Notice that the automated approach is not dramatically cheaper than the manual approach. The tools cost $150K-$250K per year, and you still need 2-3 data scientists for the multi-table work that automation cannot handle. The savings are real but incremental.
Elimination is a step change. When there is no feature pipeline to build, maintain, or debug, the cost structure collapses. One ML engineer can operate 20 prediction tasks because the work is writing PQL queries, not maintaining SQL pipelines.
When each approach makes sense
To be direct about this: not every organization should switch to KumoRFM tomorrow.
- Manual feature engineering makes sense when your data is already in a single table, when you have a strong data science team that values full control, or when regulatory requirements demand that every feature be explicitly defined and auditable.

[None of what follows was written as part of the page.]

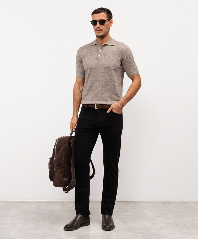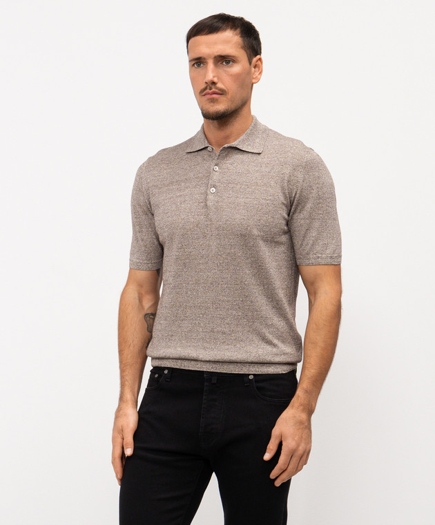 Коричневое меланжевое поло с леном VINAL

- Automated feature engineering (Featuretools, DataRobot) makes sense when you want to speed up existing workflows without changing your approach, when your team is already invested in an AutoML platform, or when you need the breadth of features that tools like Featuretools generate from relational data.
- Elimination (KumoRFM) makes sense when your data is relational (5-50 tables), when feature engineering is your bottleneck, when you need maximum accuracy on relational data, when you want to scale from 1 to 20+ prediction tasks without scaling your data science team, or when speed to production is a competitive advantage.